SOURCE RECORDS: Begin

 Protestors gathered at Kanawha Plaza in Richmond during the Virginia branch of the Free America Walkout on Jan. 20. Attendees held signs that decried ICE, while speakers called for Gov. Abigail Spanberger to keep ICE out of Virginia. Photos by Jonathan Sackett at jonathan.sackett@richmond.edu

SOURCE RECORDS: End
SOURCE RECORDS: Begin

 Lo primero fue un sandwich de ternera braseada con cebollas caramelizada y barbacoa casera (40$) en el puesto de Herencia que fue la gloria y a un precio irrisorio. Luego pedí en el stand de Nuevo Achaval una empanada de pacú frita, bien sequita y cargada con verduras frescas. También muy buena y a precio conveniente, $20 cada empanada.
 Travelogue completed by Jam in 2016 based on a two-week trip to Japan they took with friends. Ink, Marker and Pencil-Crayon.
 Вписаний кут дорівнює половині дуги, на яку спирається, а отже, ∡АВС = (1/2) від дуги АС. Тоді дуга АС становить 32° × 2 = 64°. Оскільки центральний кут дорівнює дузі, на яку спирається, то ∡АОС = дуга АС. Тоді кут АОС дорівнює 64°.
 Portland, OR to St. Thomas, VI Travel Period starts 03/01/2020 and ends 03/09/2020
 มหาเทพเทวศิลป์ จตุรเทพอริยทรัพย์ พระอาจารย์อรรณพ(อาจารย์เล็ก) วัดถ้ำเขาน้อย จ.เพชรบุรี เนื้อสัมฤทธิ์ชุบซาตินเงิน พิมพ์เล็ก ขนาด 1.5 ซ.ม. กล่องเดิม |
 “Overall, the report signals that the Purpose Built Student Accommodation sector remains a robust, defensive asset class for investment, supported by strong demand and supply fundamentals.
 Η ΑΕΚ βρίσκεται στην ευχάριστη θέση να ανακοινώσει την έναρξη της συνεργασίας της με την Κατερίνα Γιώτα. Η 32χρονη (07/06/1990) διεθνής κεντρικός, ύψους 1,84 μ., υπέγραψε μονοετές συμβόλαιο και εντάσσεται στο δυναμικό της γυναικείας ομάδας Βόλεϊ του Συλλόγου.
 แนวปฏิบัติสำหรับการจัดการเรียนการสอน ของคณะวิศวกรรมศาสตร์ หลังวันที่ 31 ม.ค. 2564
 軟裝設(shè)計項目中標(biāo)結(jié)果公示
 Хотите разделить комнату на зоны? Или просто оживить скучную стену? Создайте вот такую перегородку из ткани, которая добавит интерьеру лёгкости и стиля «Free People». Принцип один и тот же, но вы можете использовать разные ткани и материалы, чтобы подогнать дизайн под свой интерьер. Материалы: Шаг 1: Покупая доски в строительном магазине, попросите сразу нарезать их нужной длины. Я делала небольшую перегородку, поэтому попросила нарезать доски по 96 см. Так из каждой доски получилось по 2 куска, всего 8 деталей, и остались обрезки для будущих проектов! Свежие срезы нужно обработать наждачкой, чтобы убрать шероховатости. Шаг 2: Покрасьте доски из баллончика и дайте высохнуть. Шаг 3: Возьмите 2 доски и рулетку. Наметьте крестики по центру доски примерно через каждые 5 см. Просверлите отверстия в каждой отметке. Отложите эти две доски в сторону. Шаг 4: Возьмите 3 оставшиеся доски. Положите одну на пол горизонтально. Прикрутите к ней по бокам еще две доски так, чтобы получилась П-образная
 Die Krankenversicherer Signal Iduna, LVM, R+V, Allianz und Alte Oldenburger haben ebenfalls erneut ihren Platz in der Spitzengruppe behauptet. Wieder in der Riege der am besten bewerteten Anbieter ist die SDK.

SOURCE RECORDS: End
SOURCE RECORDS: Begin

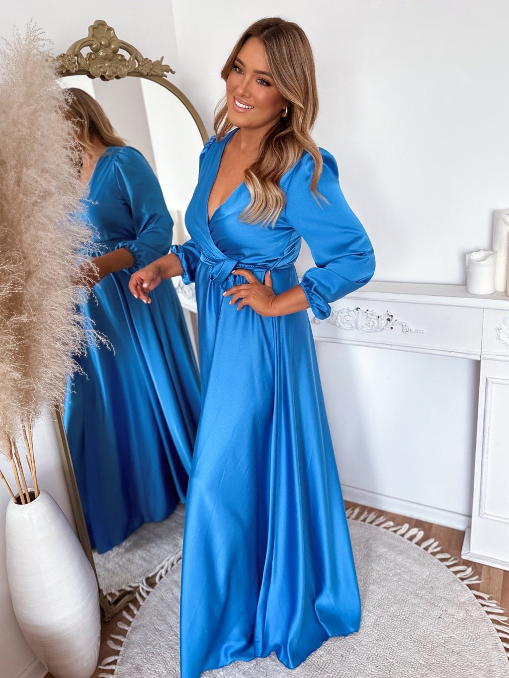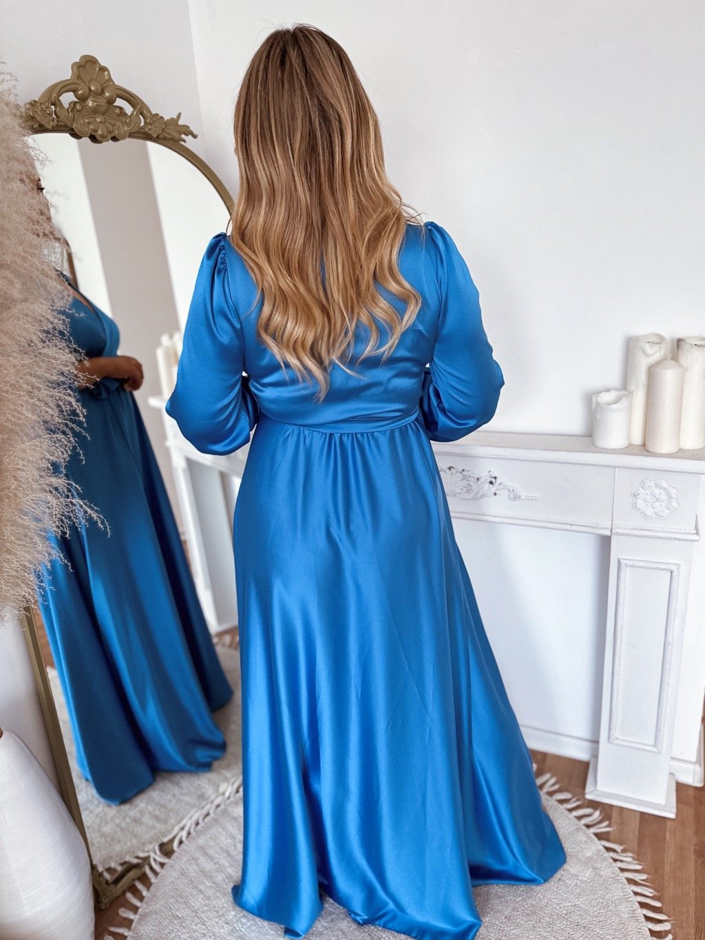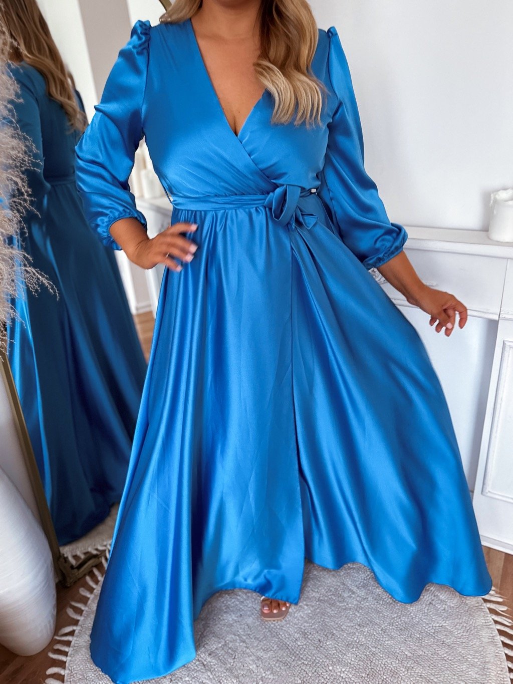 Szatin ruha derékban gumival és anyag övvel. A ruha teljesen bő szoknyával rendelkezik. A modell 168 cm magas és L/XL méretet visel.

SOURCE RECORDS: End

In the listing above, find the line with "軟裝設(shè)計項目中標(biāo)結(jié)果公示" and the line with "Die Krankenversicherer Signal", then print exactly those lines and every line between them.

▸ **SOLVED EXERCISE**
 軟裝設(shè)計項目中標(biāo)結(jié)果公示
 Хотите разделить комнату на зоны? Или просто оживить скучную стену? Создайте вот такую перегородку из ткани, которая добавит интерьеру лёгкости и стиля «Free People». Принцип один и тот же, но вы можете использовать разные ткани и материалы, чтобы подогнать дизайн под свой интерьер. Материалы: Шаг 1: Покупая доски в строительном магазине, попросите сразу нарезать их нужной длины. Я делала небольшую перегородку, поэтому попросила нарезать доски по 96 см. Так из каждой доски получилось по 2 куска, всего 8 деталей, и остались обрезки для будущих проектов! Свежие срезы нужно обработать наждачкой, чтобы убрать шероховатости. Шаг 2: Покрасьте доски из баллончика и дайте высохнуть. Шаг 3: Возьмите 2 доски и рулетку. Наметьте крестики по центру доски примерно через каждые 5 см. Просверлите отверстия в каждой отметке. Отложите эти две доски в сторону. Шаг 4: Возьмите 3 оставшиеся доски. Положите одну на пол горизонтально. Прикрутите к ней по бокам еще две доски так, чтобы получилась П-образная
 Die Krankenversicherer Signal Iduna, LVM, R+V, Allianz und Alte Oldenburger haben ebenfalls erneut ihren Platz in der Spitzengruppe behauptet. Wieder in der Riege der am besten bewerteten Anbieter ist die SDK.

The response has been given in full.